Exclude the pictures, then copy word for word the lines running from the beginning of the records through the line with "The banshee is".

• • • •

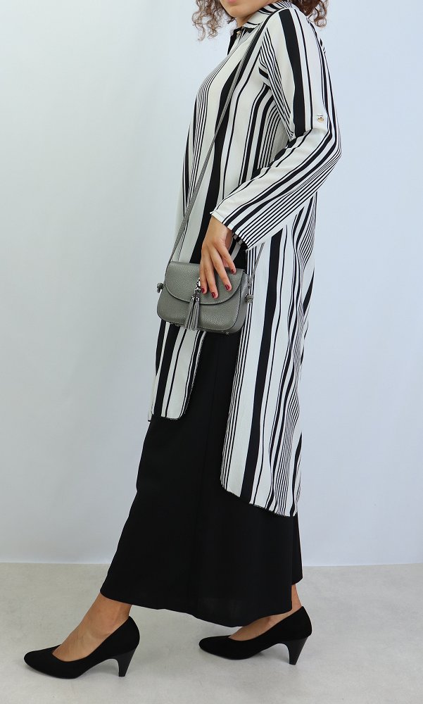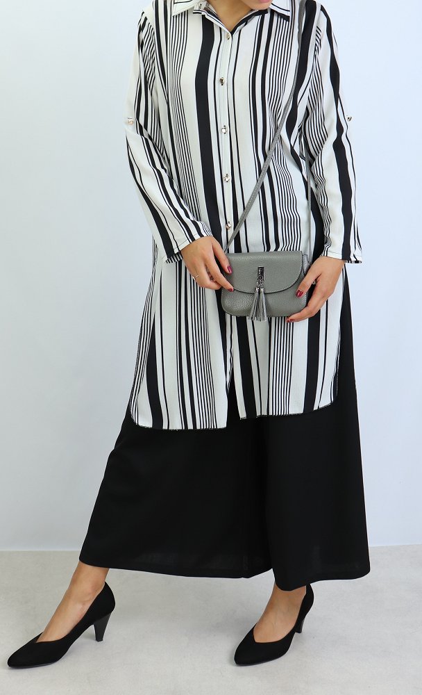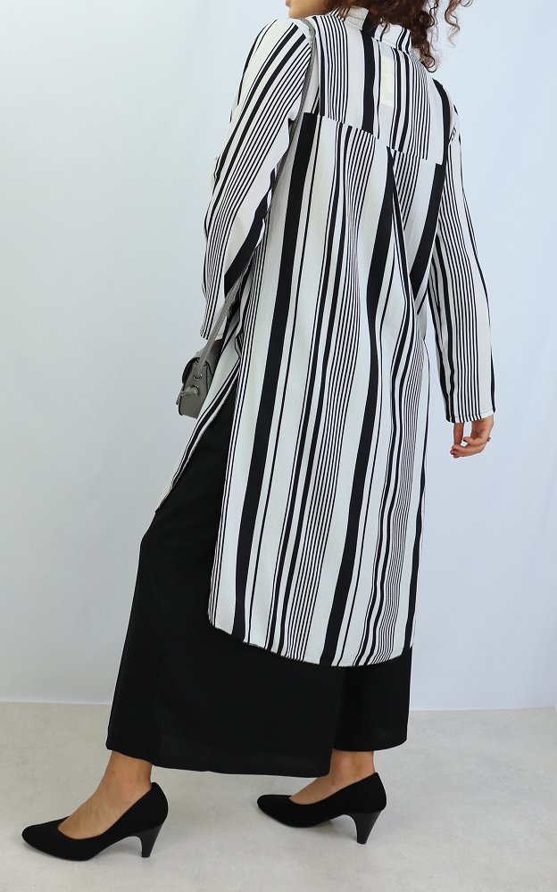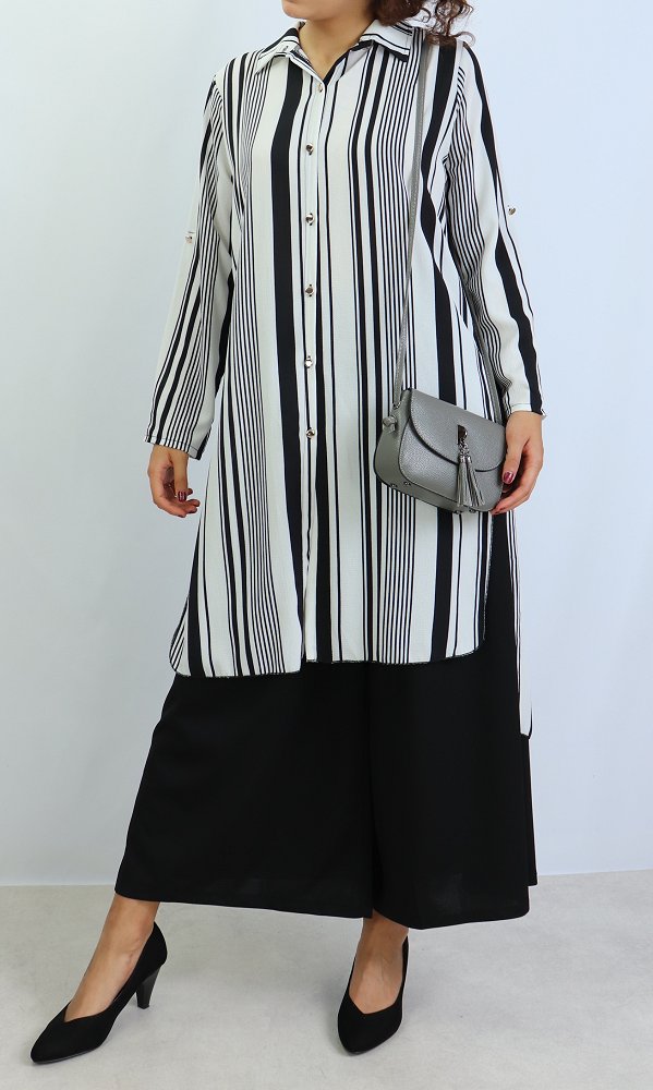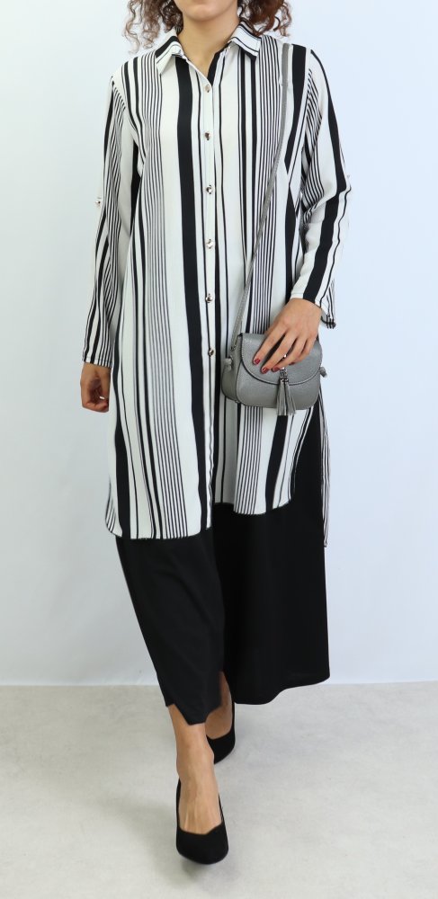 Chemise longue, fermeture boutons, col chemise, les manches sont retroussables et se replient grâce à une patte de boutonnage cousue à l’intérieur.
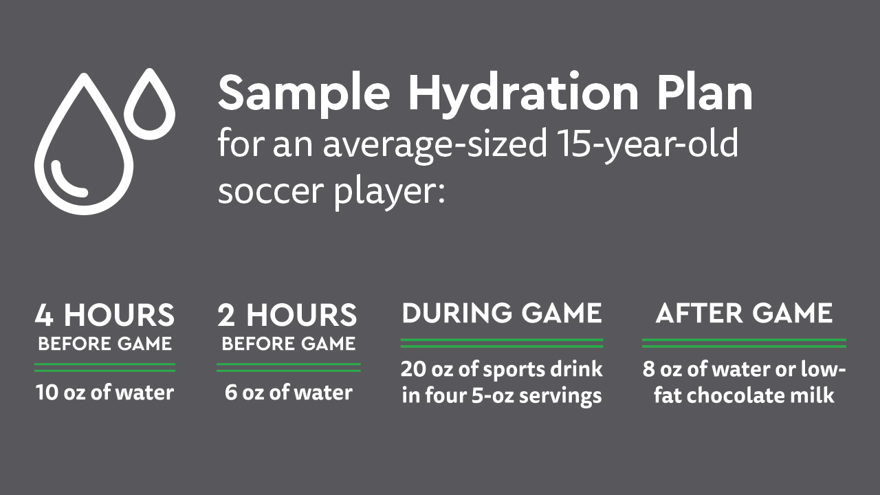 See the sample hydration schedule below for an average 15-year-old football player (5’7”, 130 pounds), who should consume at least 76 ounces of water a day:
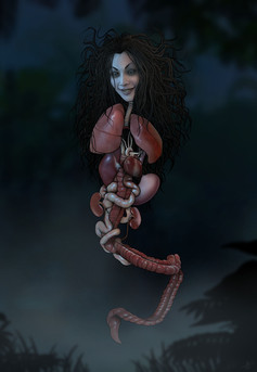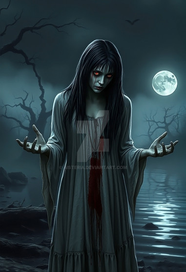 The banshee is a female spirit from Irish folklore who heralds death with her wailing and keening. Although in more modern tales she is a general harbinger of death or an evil spirit that hunts and kills her victims with her terrifying screams or red-eyed stare, she is actually bound to the descendants of the pure Milesian stock of Ireland (surnames prefixed with O' and Mac), and it is even said that each family has its own banshee. She is connected to the mounds of earth scattered about the Irish countryside, that are known as Tumuli. These Tumuli traditionally covered graves and were said to be home to spirits of the dead. She can appear in many forms, ranging from a sweet singing virgin, to a withered hag, however no sooner than she is spotted, she will vanish into a cloud of mist, which is accompanied by a noise akin to that of a birds flapping its wings. Although she is closely linked to death, the Banshees does not herself cause death, but only serve as a warning of its approach. There are tales of her throughout history, where she appears throughout Ireland and Scotland, even with references to her in Norman litrature
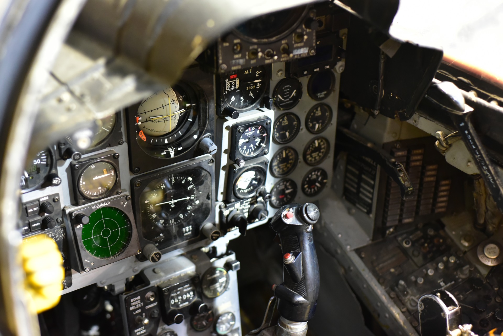 El complicado panel de mandos de un avión caza F-4 Phantom II del Ejército del Aire. Un detalle visto de cerca en la feria Homsec 2017.
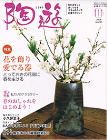 什器・照明・盆栽など、季節の一花をそえて作家作品を紹介している。
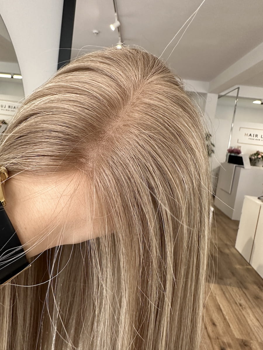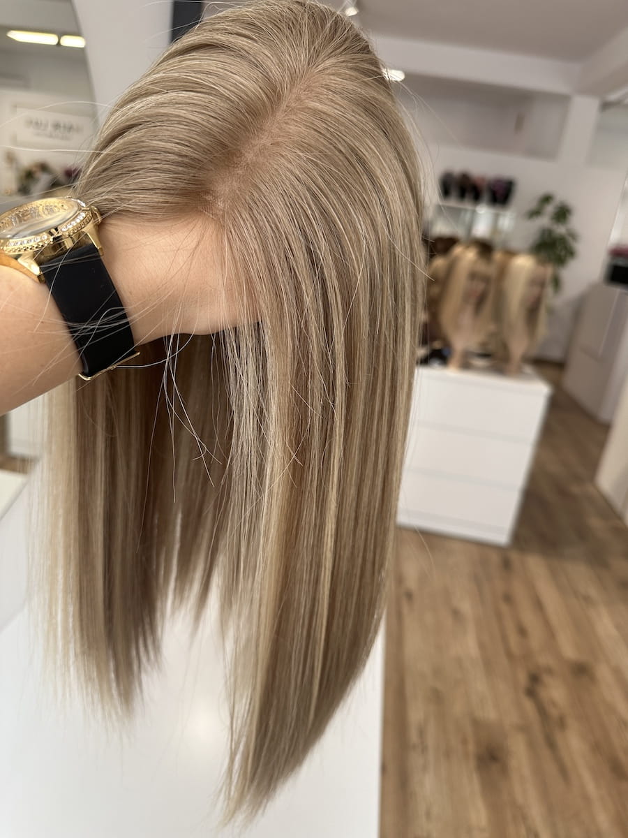 Delikatna baza lace z unikalnym podszyciem zapewnia płaskie, niewidoczne wykończenie oraz realistyczny efekt przedziałka. Topper perfekcyjnie stapia się ze skórą głowy, tworząc efekt naturalnych włosów.
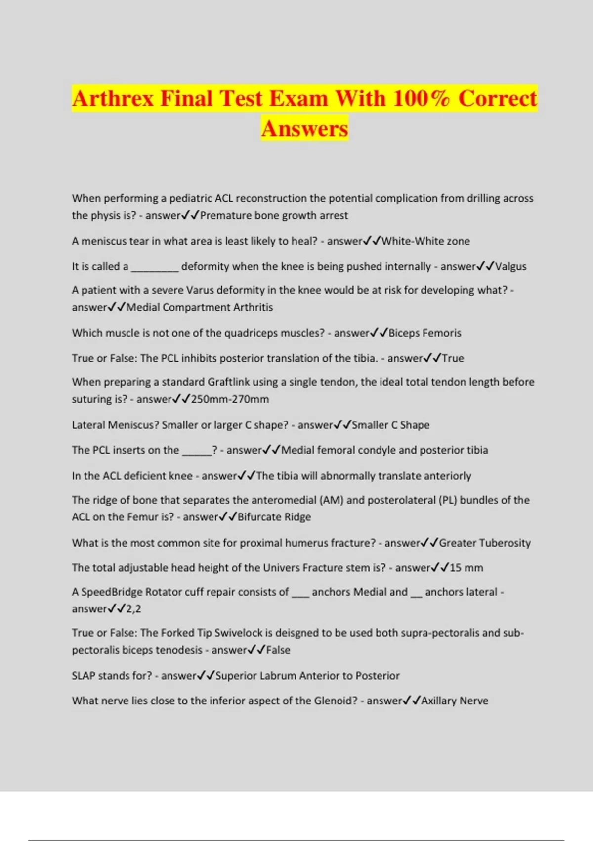 Arthrex Final Test Exam With 100% Correct Answers When performing a pediatric ACL reconstruction the potential complication from drilling across the physis is? - answerPremature bone growth arrest A meniscus tear in what area is least likely to heal? - answerWhite-White zone It is called a ________ deformity when the knee is being pushed internally - answerValgus A patient with a severe Varus deformity in the knee would be at risk for developing what? - answerMedial Compartment Arthritis Which muscle is not one of the quadriceps muscles? - answerBiceps Femoris True or False: The PCL inhibits posterior translation of the tibia. - answerTrue When preparing a standard Graftlink using a single tendon, the ideal total tendon length before suturing is? - answer250mm-270mm Lateral Meniscus? Smaller or larger C shape? - answerSmaller C Shape The PCL inserts on the _____? - answerMedial femoral condyle and posterior tibia In the ACL deficient knee - answerThe tibia will abnormally translate anteriorly The ridge of bone that separates the anteromedial (AM) and posterolateral (PL) bundles of the ACL on the Femur is? - answerBifurcate Ridge What is the most common site for proximal humerus fracture? - answerGreater Tuberosity The total adjustable head height of the Univers Fracture stem is? - answer15 mm A SpeedBridge Rotator cuff repair consists of ___ anchors Medial and __ anchors lateral - answer2,2 True or False: The Forked Tip Swivelock is deisgned to be used both supra-pectoralis and sub- pectoralis biceps tenodesis - answerFalse SLAP stands for? - answerSuperior Labrum Anterior to Posterior What nerve lies close to the inferior aspect of the Glenoid? - answerAxillary Nerve
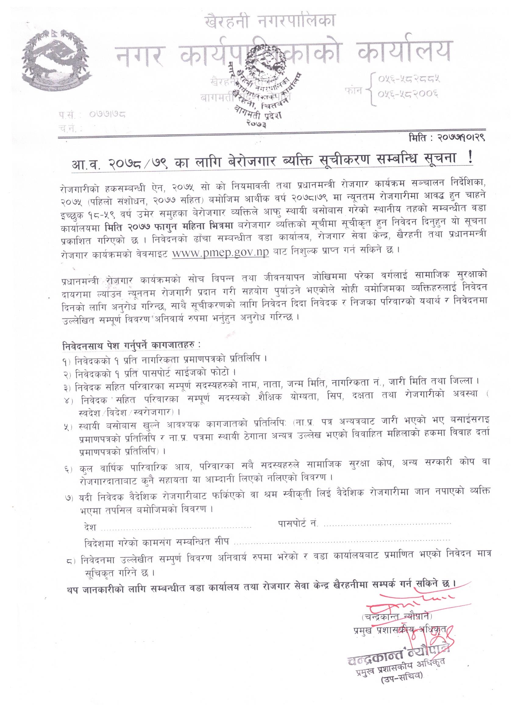 आ.व.२०७८/७९ का लागि बेरोजगार व्यक्ति सूचीकरण गर्ने सम्बन्धमा !!
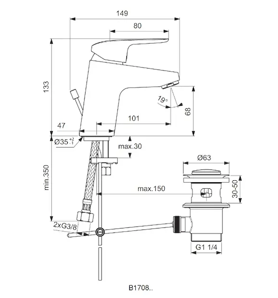 Ideal Standard CeraFlex - Umyvadlová baterie s výpustí, BlueStart, chrom B1711AA
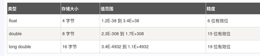 long double:扩展精度浮点型,精度和大小因编译器和系统而异。
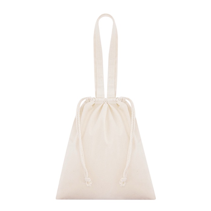 Borsa in cotone con cordini e manici lunghi rinforzati 180 g/m²
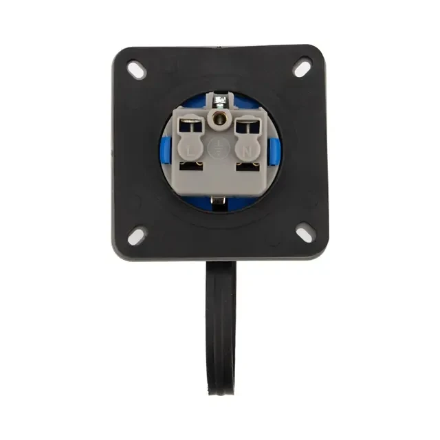Настенная влагозащищенная фланцевая электрическая розетка используется для подключения бытовых и профессиональных приборов к электросети. Предназначена для использования в сложных эксплуатационных условиях с высокой влажностью. Широко применяется в быту, на производстве и в строительстве. Розетка устанавливается на стену в отверстие и образует со стеной соединение со степенью защиты IP68. Для крепления к стене в корпусе розетки предусмотрены специальные отверстия. Метизы для крепления и уплотнения поставляются в комплекте. Розетка оснащена защитной крышкой, которая предотвращает попадание пыли и влаги внутрь устройства. Это снижает риск короткого замыкания и делает использование более безопасным. Ввод кабеля осуществляется с обратной стороны стены. Устройство идеально подходит для организации разъемного герметичного уличного соединения. Ударопрочный разборный корпус выполнен из поликарбоната: устойчив к механическому и химическому воздействию. Сечение проводников: 0,75-2,5 мм². Контактная группа: латунь MS-58. Тип полюсов: 2Р+РЕ.
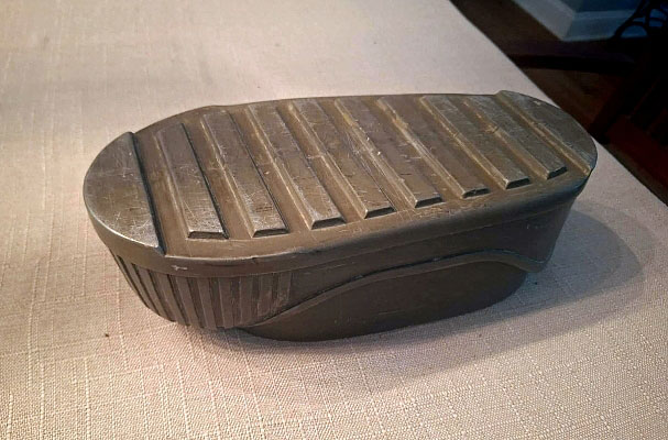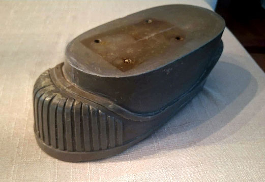 Something was brought to my attention over the weekend that I thought members would appreciate seeing.  Some years ago, a mould used to make the silicone soul on the Apollo EVA boots was snapped up by a collector who then went on to make a very nice limited edition presentation piece making use of that mould. Well this is the cast used to make the original mould. Made from a composite called "Repro" by ILC model makers and weighing approximately 8 pounds, this cast formed the mould from which Neil Armstrong's boot, and most of the remaining moonwalkers' boots, were made. Cool and historic in equal measure.
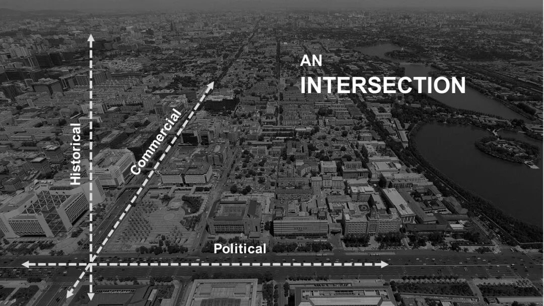 宏大叙事与世俗日常、天下与眼下、新与旧、文与野,两个时空交错的平行宇宙,孕育出北京城市内在的矛盾特征。这个项目位于两种对立性质空间的交叉点上,由两种对立性质的功能组合而成,要回应两种对立的设计诉求:一面是政治性的长安街,一面是商业性的西单北大街;地上是公共空间,地下是商业空间;既希望提升城市活力,又需要保持场所的平和;既要改善商业空间品质,又要抑制外部商业展示;即要接近地气,又要提升格局。凡此种种都很具有象征性。
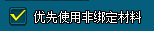 游戏中生产、强化、洗练等等功能面板上都有这个选项,而系统默认是选中的,大家一定要注意把这个选项取消,否则很多可以卖出去的材料却被自己消耗掉了。为了避免这种情况,非常建议大家养成习惯,经常把非绑定的材料放在仓库里。
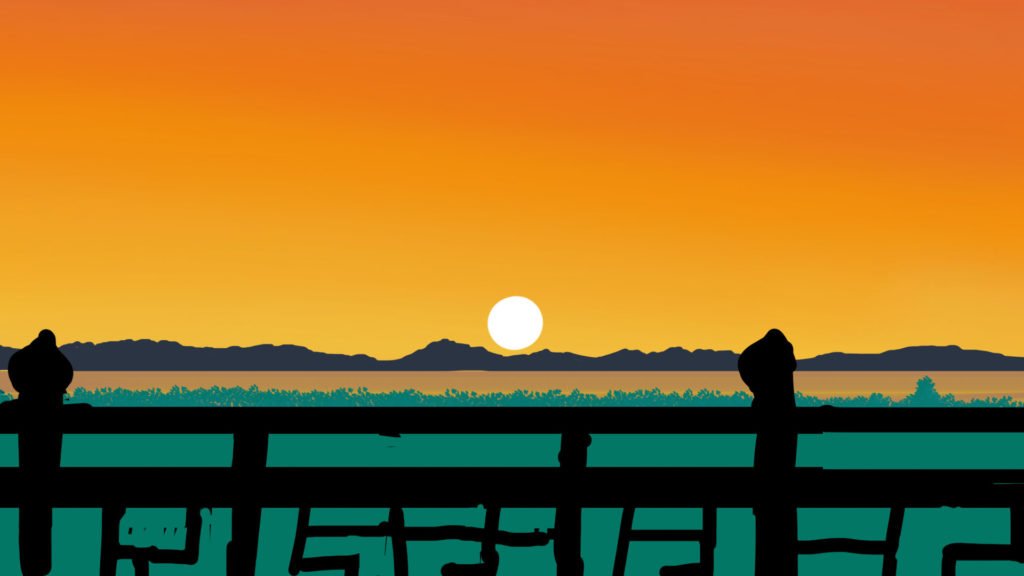 I use first person point of view. Standing in the tower and looking to the sunset.
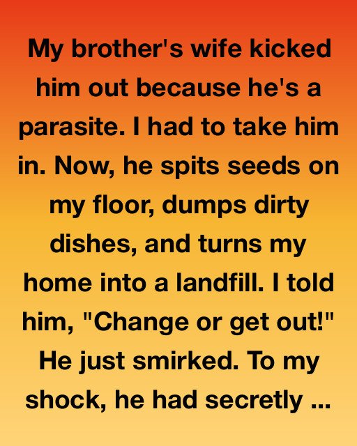 My brother’s wife kicked him out because he’s a parasite. I had to take him in. Now, he spits seeds on my floor, dumps dirty dishes, and turns my home into a landfill.
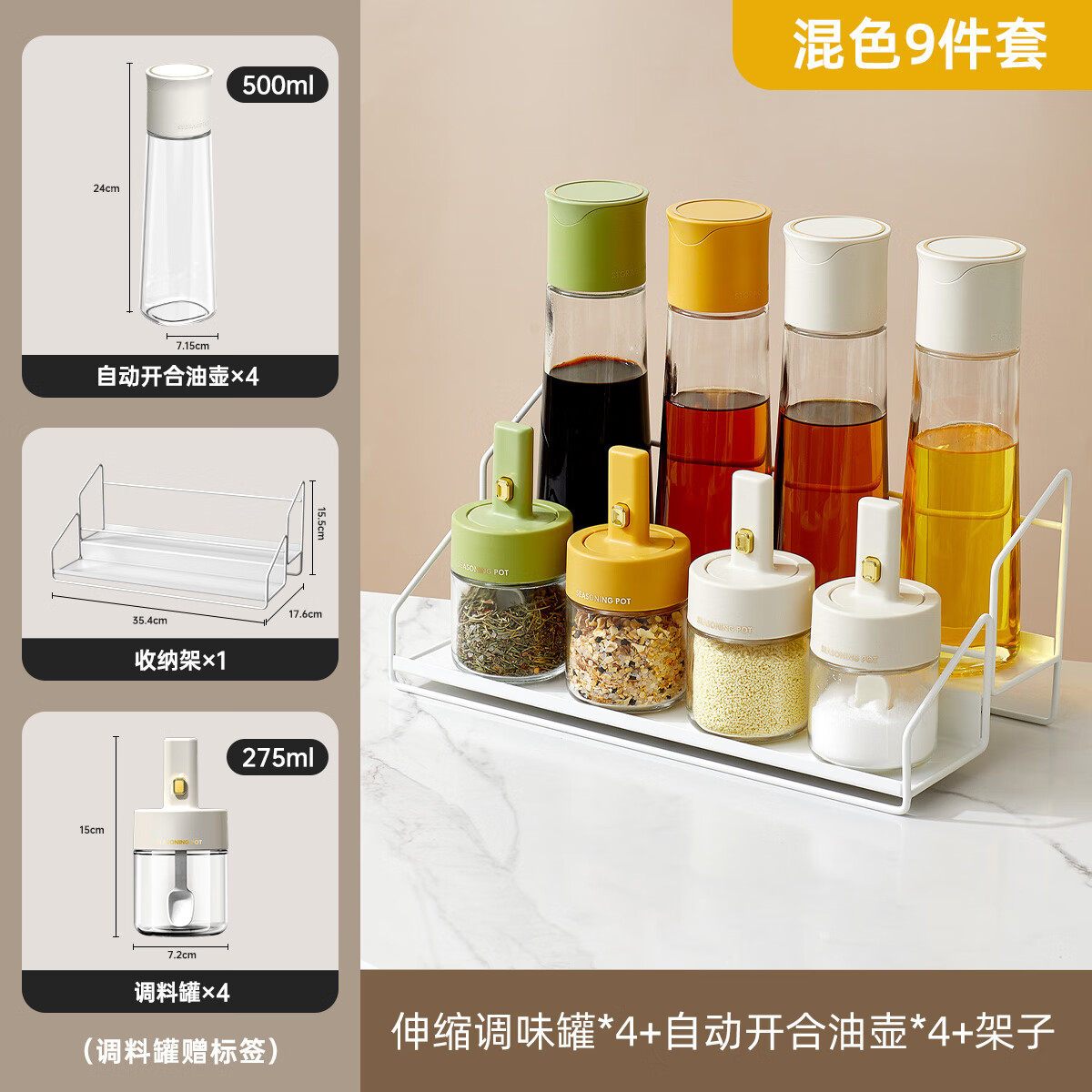 調(diào)料盒家用廚房置物架鹽味精佐料組合套裝調(diào)味料瓶罐子壁掛免打孔

• • • •

- Response to the task -
 Chemise longue, fermeture boutons, col chemise, les manches sont retroussables et se replient grâce à une patte de boutonnage cousue à l’intérieur.
 See the sample hydration schedule below for an average 15-year-old football player (5’7”, 130 pounds), who should consume at least 76 ounces of water a day:
 The banshee is a female spirit from Irish folklore who heralds death with her wailing and keening. Although in more modern tales she is a general harbinger of death or an evil spirit that hunts and kills her victims with her terrifying screams or red-eyed stare, she is actually bound to the descendants of the pure Milesian stock of Ireland (surnames prefixed with O' and Mac), and it is even said that each family has its own banshee. She is connected to the mounds of earth scattered about the Irish countryside, that are known as Tumuli. These Tumuli traditionally covered graves and were said to be home to spirits of the dead. She can appear in many forms, ranging from a sweet singing virgin, to a withered hag, however no sooner than she is spotted, she will vanish into a cloud of mist, which is accompanied by a noise akin to that of a birds flapping its wings. Although she is closely linked to death, the Banshees does not herself cause death, but only serve as a warning of its approach. There are tales of her throughout history, where she appears throughout Ireland and Scotland, even with references to her in Norman litrature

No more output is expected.